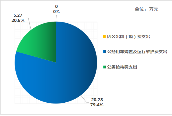 2023年度“三公”经费财政拨款支出决算中,因公出国(境)费支出决算0万元,占0%;公务用车购置及运行维护费支出决算20.28万元,占比79.4%;公务接待费支出决算5.27万元,占20.6%。具体情况如下:
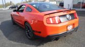 The car is finished in Competition Orange with a black roof, hood stripe, and side decals with Boss 302 lettering. Additional features include a pre-facelift Boss 302-specific front fascia, front and rear spoilers, a rear diffuser, and dual exhaust outlets.
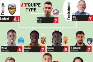 体育资讯12月1日讯 法甲第14轮战罢,法媒队报评本轮联赛最佳阵,托万、维阿、托利索在列。

• **WORK REQUEST**
Repeat the material above verbatim, with no pictures in the output.

• **TASK ANSWER**
 2023年度“三公”经费财政拨款支出决算中,因公出国(境)费支出决算0万元,占0%;公务用车购置及运行维护费支出决算20.28万元,占比79.4%;公务接待费支出决算5.27万元,占20.6%。具体情况如下:
 The car is finished in Competition Orange with a black roof, hood stripe, and side decals with Boss 302 lettering. Additional features include a pre-facelift Boss 302-specific front fascia, front and rear spoilers, a rear diffuser, and dual exhaust outlets.
 体育资讯12月1日讯 法甲第14轮战罢,法媒队报评本轮联赛最佳阵,托万、维阿、托利索在列。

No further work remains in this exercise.